ROBERT HARRIS:
KÖNIGSMÖRDER
Als nach Oliver Cromwells Tod 1658 die Monarchie wiederhergestellt und 1660 Charles II.
zum König gekrönt wurde, begann damit die Restauration in England. Um das Reich nach den
Bürgerkriegen wieder zu einigen, erließ Charles den Act of Indemnity and
Oblivion.
Dieses Amnestiegesetz galt für alle, die zuvor auf Seiten der Republikaner gekämpft
hatten. Fast für alle mit Ausnahme jener 59 Männer, die das Todesurteil für
Charles I. unterzeichnet hatten, worauf dieser am 30. Januar 1649 öffentlich hingerichtet
worden war. Etliche von ihnen waren bereits verstorben, 25 in Gewahrsam und ganze 13 noch
auf der Flucht.
Zweien dieser Königsmörder hat der britische Erfolgsautor Robert Harris
einen Roman unter eben diesem Titel gewidmet. Nah an den historischen Ereignissen hat er
ihn verfasst und nur Richard Nayler, hoher Beamter des Kronrats, ist eine rein fiktive
Figur. Die allerdings nicht nur als große Klammer des zwei Jahrzehnte umspannenden Bogens
eine zentrale und überaus realistische Rolle spielt, sondern auch als der Jäger.
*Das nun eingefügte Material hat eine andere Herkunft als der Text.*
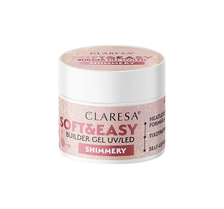 Aufbaugel Claresa Soft&Easy Shimmery ist ein natürlicher, zarter Nude-Ton mit feinen goldenen Schimmerpartikeln, der den Nägeln ein elegantes, glänzendes Finish verleiht. Es eignet sich perfekt sowohl für eine dezente Solo-Maniküre als auch als Basis für aufwendigere Nageldesigns. Dank der hohen Deckkraft – bis zu 90 % – sorgt es für ein glattes, ebenmäßiges und langlebiges Ergebnis.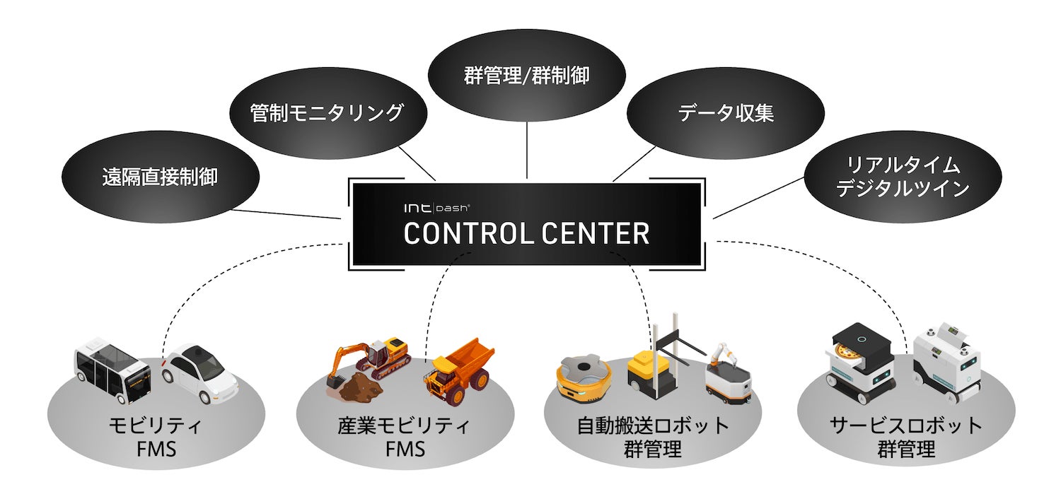 intdash CONTROL CENTERは複数のロボットやモビリティの運用においてさまざまな機体をサーバー/クラウドベースへ接続し、双方向なリアルタイムデータストリーミングを可能にすることで以下の機能を迅速提供するソリューションフレームワークです。自動車、建設機械や重機、農機などの産業車両における制御データや各種センサデータをはじめ、ロボット開発におけるデファクト化が進むROS (Robot Operating System)のデータストリーミングに対応し、複数のロボットやROSのネットワーク間を、広域なインターネットを跨いだリアルタイム性の高いデータパイプラインで繋ぐことが可能です。intdash CONTROL CENTERによりモビリティやロボットの運用に必要とされる以下の機能を迅速に提供することができます。

Im Mittelpunkt aber stehen seine beiden Zielpersonen, die jeweils als Oberst unter
Cromwell gedient hatten. Edward Whalley, Mitte 60, war sogar ein Cousin des
Lordprotektors, und William Goffe, Anfang 40, sein Schwiegersohn. Gemeinsam waren sie den
Jägern der Königsmörder gerade noch per Schiff in die amerikanischen Kolonien
entkommen.
Dort herrschten noch sehr primitive Zustände, doch besonders unter den puritanischen
Auswanderern erfreuten sich die Flüchtlinge deutlicher Sympathien, denn auch sie waren ja
alles alles andere als Freunde der Monarchie. Was sich jedoch ändern sollte, als ihnen
bald schon Nayler nachreiste und mit einer schlichten Auslobung für den Verlust der
Sicherheit sorgte: für jeden der Beiden wurden 100 Pfund Sterling Kopfgeld ausgesetzt, zu
jenen Zeiten ein beträchtliches Vermögen.
Und dieser Nayler ist nicht nur fanatisch und unermüdlich, er hat auch nicht nur
offizielle sondern zusätzlich sehr persönliche Gründe für seine gnadenlose Verfolgung.
Er will Rache, denn Whalley und Goffe waren es einst, die ihn in den Kerker werfen ließen
und den Tod seiner Liebsten verursachten. Es setzt eine Odyssee durch die Weiten in der
dünn besiedelten Wildnis ein, in der sich die Gejagten in immer größerer Bedrängnis
verstecken.
Trotz dieser spannenden Abenteuer in der Fremde sind es die eingebetteten
autobiografischen Niederschriften Edward Whalleys, die diesen bestens recherchierten
Historienroman zu einem mitreißenden Abriss der Ereignisse machen. Aus dem engsten Kreis
um Cromwell schildert der Offizier diese ebenso charismatische wie diktatorische
Lichtgestalt der Republikaner, die noch heute als umstritten gilt.
Welch fatale Auswirkungen in dessen Walten wie auch unter den strenggläubigen
amerikanischen Neusiedlern die fanatische Gottesunterwerfung hatte, ist heute nur noch
schwer nachzuvollziehen aber historisch belegt. Die kongenial mit der abstrusen Reliquie
des Königsmörderjägers Nayler korrespondiert: ein Taschentuch, das er als Zeuge der
Hinrichtung von Charles I. in dessen Blut getaucht hatte.
Und es wird eine epische Menschenjagd, die größte des 17. Jahrhunderts, die hier
fesselnd und sehr authentisch von einem Meister des Genres ausgebreitet wird. Besonders
für die vielen Freunde solcher Romane ein absolutes Muss.